[Problem to work on]
Copy nothing but the lines below, from the one with "伝統継承（お囃子） 田原中部小学校" through the one with "Beregszász főtere a református templommal", exactly as written; no pictures should appear.

*** Block opens ***

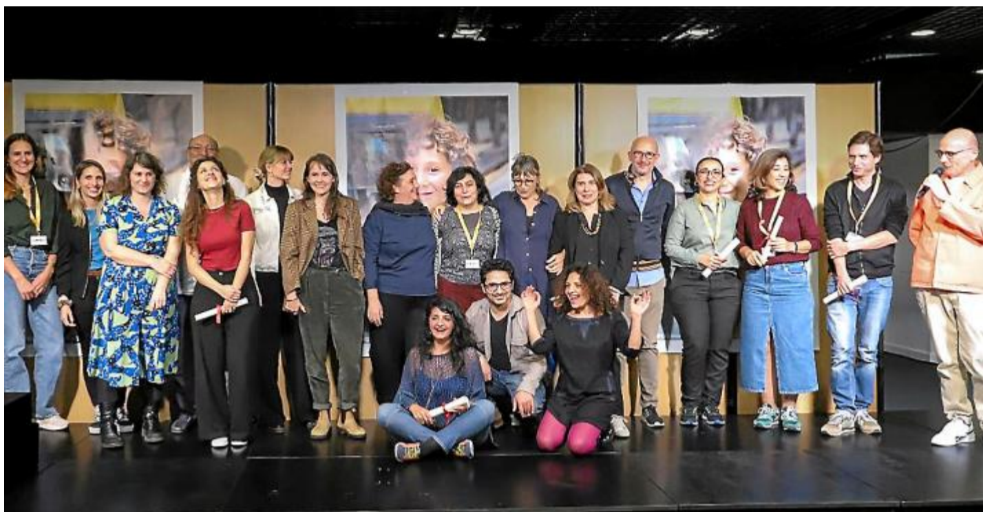
Les lauréats du Cinemed Meetings 2023.

La sélection se réalise sur la base de projets de longs métra-
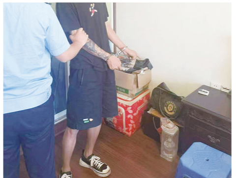
武某指认盗窃现场。记者/沈全华 通讯员/王斐妮 摄

一切都来得太突然,黄女士不敢相信平日亲近的男友怎么会做出这样的事?带着一连串的问号和愤怒,她选择报警求助。
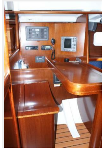
2004 Beneteau 361 Aft Cabin
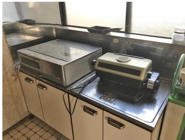
1階 台所(IHクッキングヒーター)
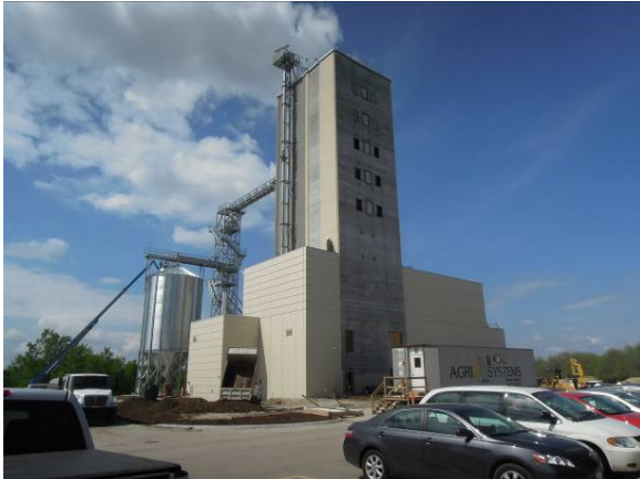
圖 21 試量產級穀倉 (Pilot Scale Elevator)
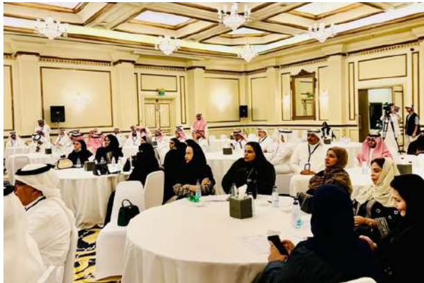
جانب من الحضور في الحفل السنوي للملتقى أسبار
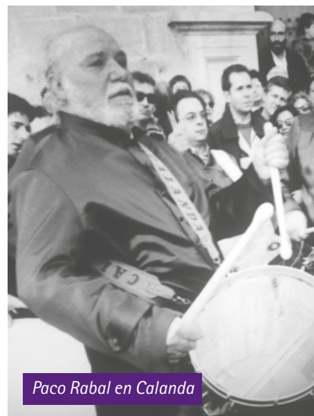
Paco Rabal en Calanda

Paco Rabal. Alpedrete, 13 de marzo de 1983
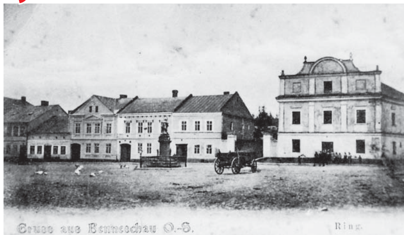
Grube aus Benneschau O.-S.
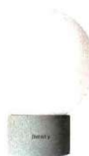
Leuchtkugel Die mobile LED-Tischleuchte „Terra“ ist dimmbar, mit Touchfunktion, H 25 cm, ca. 80 Euro, LumiSky über westwingnow.de
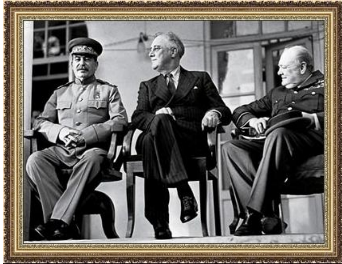
И. Сталин, Ф. Рузвельт, У. Черчилль в Тегеране

Лето - осень 1943 – Освобождены Смоленск, Гомель, Левобережная Украина, Киев.
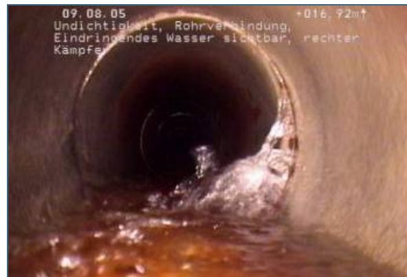
Abb. 4: Wenn aber Grundwasser in die Leitung eindringt, muss schnell gehandelt werden. Hier ist die Sanierungspriorität sehr hoch.

Mit der Inspektionsfirma sollte vor Auftragsvergabe geklärt werden, ob sie auch eine vorläufige Bewertung der Schäden nach DIN 1986-30 (Entwurf September 2010) durchführen kann. Bei großen Grundstücksentwässerungsanlagen (z. B. bei Schulen und Kasernen), Leitungsdurchmessern über 250 mm und Anlagen mit großem Sanierungsbedarf ist es empfehlenswert, die genaue Bewertung und die anschließende Sanierungsplanung an ein fachlich geeignetes Ingenieurbüro zu vergeben.
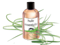
26 - Citromfű
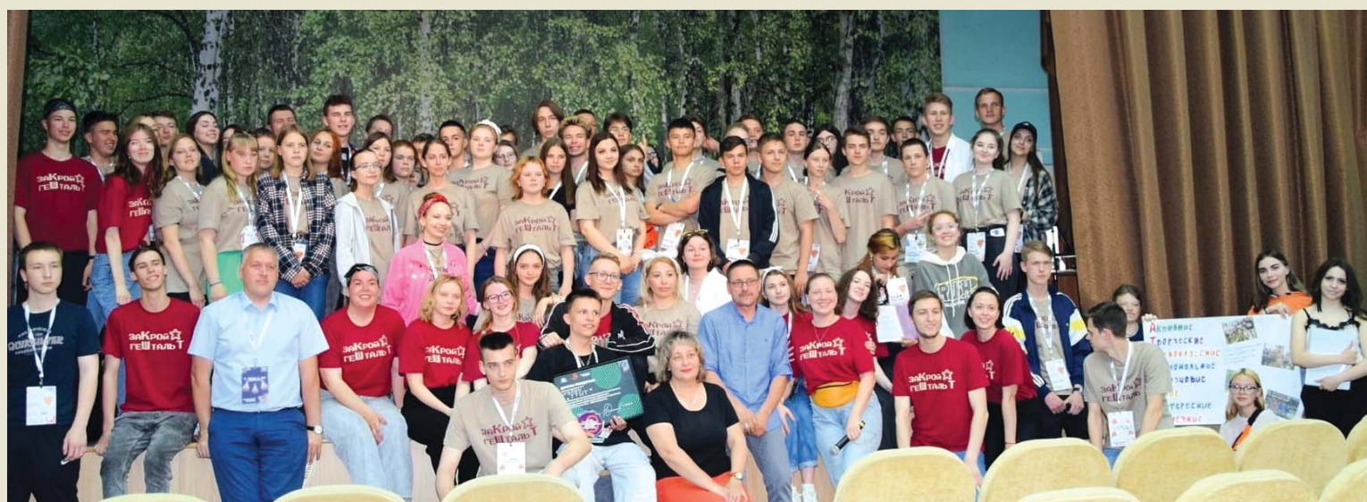
Финальная встреча в «Кадровой школе»

– Моё впечатление о «Кадровой школе» очень положительное. Я являюсь первокурсницей, но уже стала секретарём и руководителем творческого направления «Littlesovet» и для меня было очень много нового, много полезной и интересной информации. Это: безусловно новые знакомства, большой опыт коммуникабельности, заряд энергии и получение новых эмоций. Я считаю, что данное мероприятие мне пошло на пользу и в дальнейшем в моей работе будет прогресс!
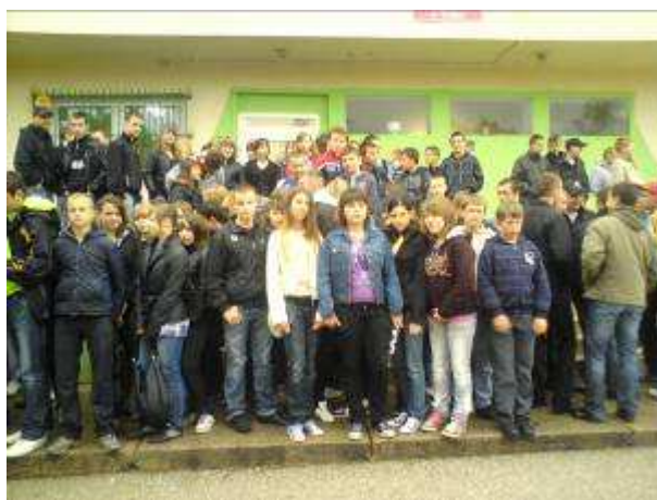
Jedziemy do kina...

Opracowanie: Klub Miłośników Geografii i SU
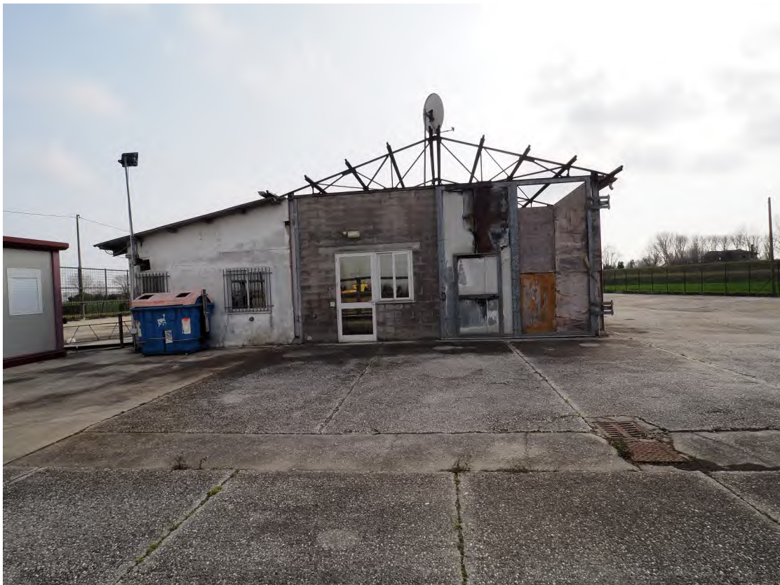
Caorle, strada Riello n. 2 - Sopra vista dall'alto del capannone industriale, sotto il prospetto ovest del fabbricato.
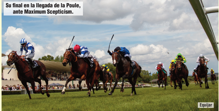
Su final en la llegada de la Poule, ante Maximum Scepticism.
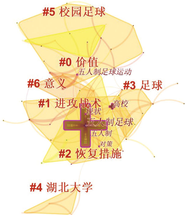
图2 关键词共线关系图

发展意义。与之完全重合的族群中,出现频次最高且最具有代表性的关键词是“校园足球”,校园足球的价值和发展也是这个部分的研究重点之一。“进攻战术”命名的知识族群中包括的关键词有:进攻战术、中后卫、室内五人制足球、世界杯等,可以看出这部分的研究是跟五人制足球的技战术研究,比赛研究等运动竞赛方面有关,同时通过与之大面积重合的族群的分析得知关键词包括了:恢复措施、运动损伤、5-0战术。可以看出该部分在研究五人制足球独特的技战术的同时,还对运动训练中的伤病和恢复进行了研究,这两个部分的研究目的都是服务于竞赛方面,认为这一部分的研究是以运动竞赛为热点研究。以“足球”命名的族群中关键词数量相对较多,其中主要的关键词有:足球、可行性、分析,该部分的研究是以五人制足球的可行性为主。通过阅读核心文献可以发现,该部分属于五人制足球的发展和意义。“意义”命名的知识族群与多个知识族群有着重叠关系,它的关键词包括了:意义、推广、战术、校园。与之前的校园足球,战术等研究几乎一致。唯一一个完全独立的族群包括的关键词有:湖北大学、校企合作、体育教学。可以直观地发现该部分属于高校的发展。从关键词出现频次及中心度来看,出现次数越多的关键词在知识图谱中对应的十字架大小也就越大,因此发现除了聚类中出现的具有代表性的关键词以外,“高校”“发展”“对策”“现状”等词出现频次也较多,且中心度也相对较高。
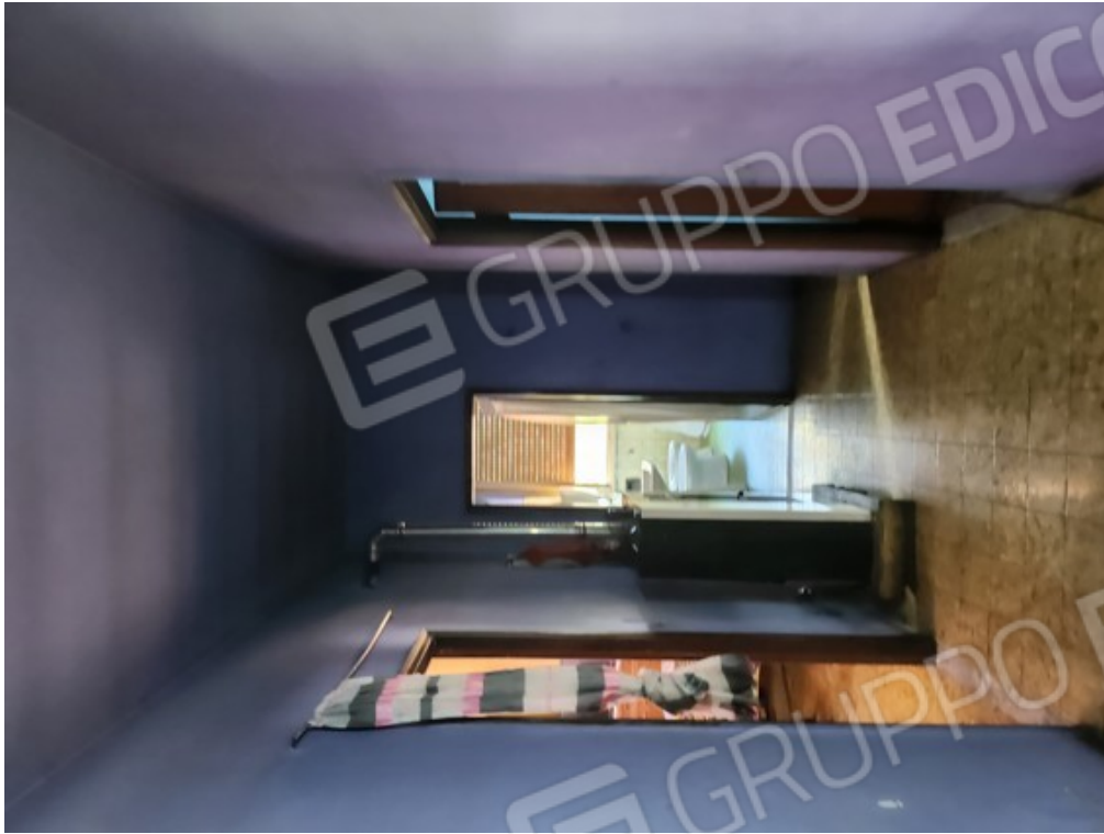
Fotografia F.5 - locale interno
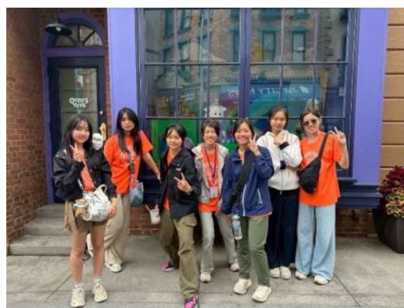
圖59(114/7/21)：學生於加州環球影城學習電影製作與商業運作模式
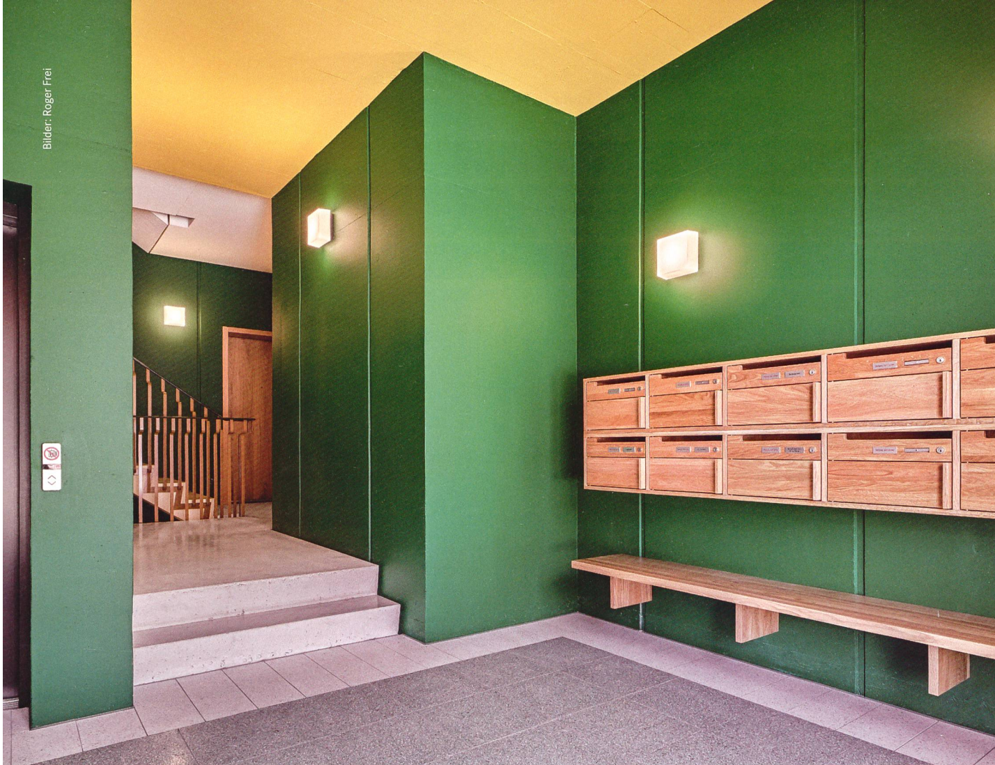
Die Wohnsiedlung Orenberg in Ossingen ist eine Neuinterpretation des typischen ländlichen Bauens im Zürcher Weinland. So findet sich im Treppenhaus das typische Grün der damals üblichen Kachelöfen.

Die Siedlung Orenberg – ein Beispiel für den Einsatz von Farbe im Innenraum
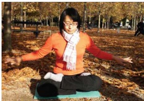
图：作者周末早晨在国家公园炼功

我的病让我对人生极悲观，性格极脆弱。那个时候我就觉得活着没意思。7 岁小学一年级那年，我第一次失学了，是因为白血病，总是住院。
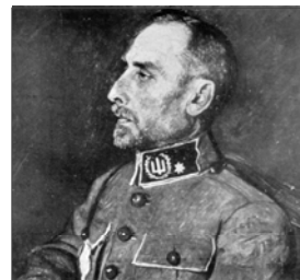
Портрет генерал-поручика Армії УНР Володимира Сінклера, виконаний на початку 1920-х рр. (портрет зі збірника «За Державність»).

«Отаман Генерального штабу прохає Вас прибути ГУГШ (до Головного управління Генерального Штабу. – Я. Т.) по справі призначення на посаду» 3 .
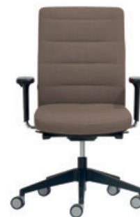
— Task chair syncro w/upholstered backrest Silla sincro respaldo tapizado
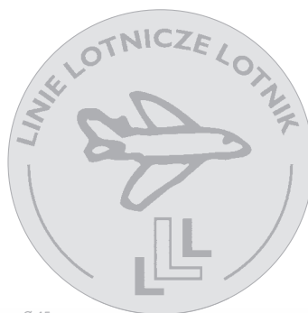
Ø 45 mm
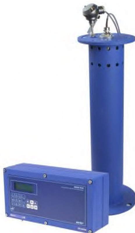
Рисунок 1 – Общий вид расходомеров-счетчиков ультразвуковых «ВЗЛЕТ РСЛ» исполнений РСЛ-212, РСЛ-222

Пломбировка от несанкционированного доступа расходомеров-счетчиков ультразвуковых «ВЗЛЕТ РСЛ» исполнений РСЛ-212, РСЛ-222 осуществляется нанесением знака поверки давлением на пломбировочную мастику, расположенную пломбировочной чашке с металлической скобой, закрывающей контактную пару разрешения модификации калибровочных параметров. Место пломбировки от несанкционированного доступа расходомеров-счетчиков ультразвуковых «ВЗЛЕТ РСЛ» исполнений РСЛ-212, РСЛ-222 в зависимости от исполнений, представлено на рисунке 2.
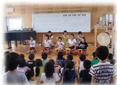
伝統継承（お囃子） 田原中部小学校

学校を地域づくりの核として、特色ある教育を推進し、地域を活性化することを目的として実施する。子どもたちが再発見した地域の魅力を活用した提案や活動を地域につなげ、地域の大人と一緒に実現していくことにより、地域全体の活性化を図る。
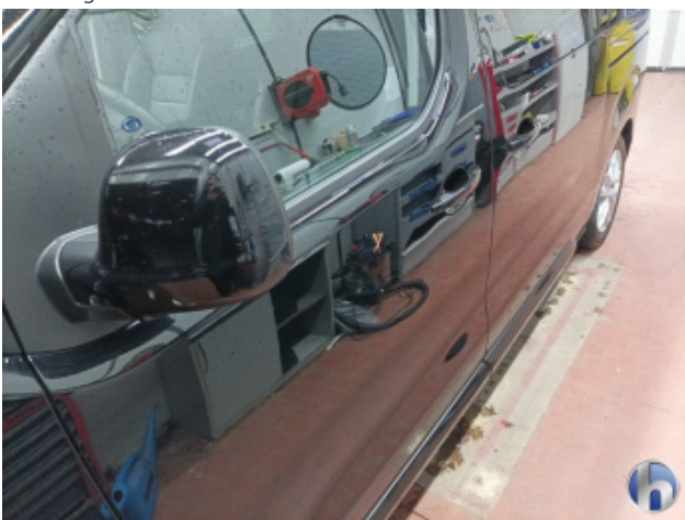
1. Tür Vorne - Links Nachlackiert - Ohne Reparatur
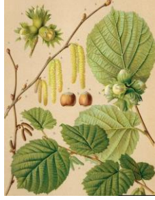
NOCCIOLO – Corylus avellana
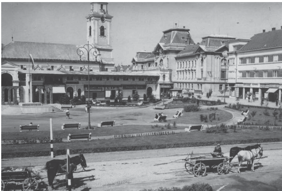
Beregszász főtere a református templommal

Fáby Zoltán: Az éhség legendája. Kárpátalja: 1932. Kárpátaljai riport. Az Út kiskönyvtára 4. Mező István szenátor kiadása. Pozsony, 1932. 3., 6., 13.

*** Block closes ***

[Result of the task]
伝統継承（お囃子） 田原中部小学校

学校を地域づくりの核として、特色ある教育を推進し、地域を活性化することを目的として実施する。子どもたちが再発見した地域の魅力を活用した提案や活動を地域につなげ、地域の大人と一緒に実現していくことにより、地域全体の活性化を図る。
1. Tür Vorne - Links Nachlackiert - Ohne Reparatur
NOCCIOLO – Corylus avellana
Beregszász főtere a református templommal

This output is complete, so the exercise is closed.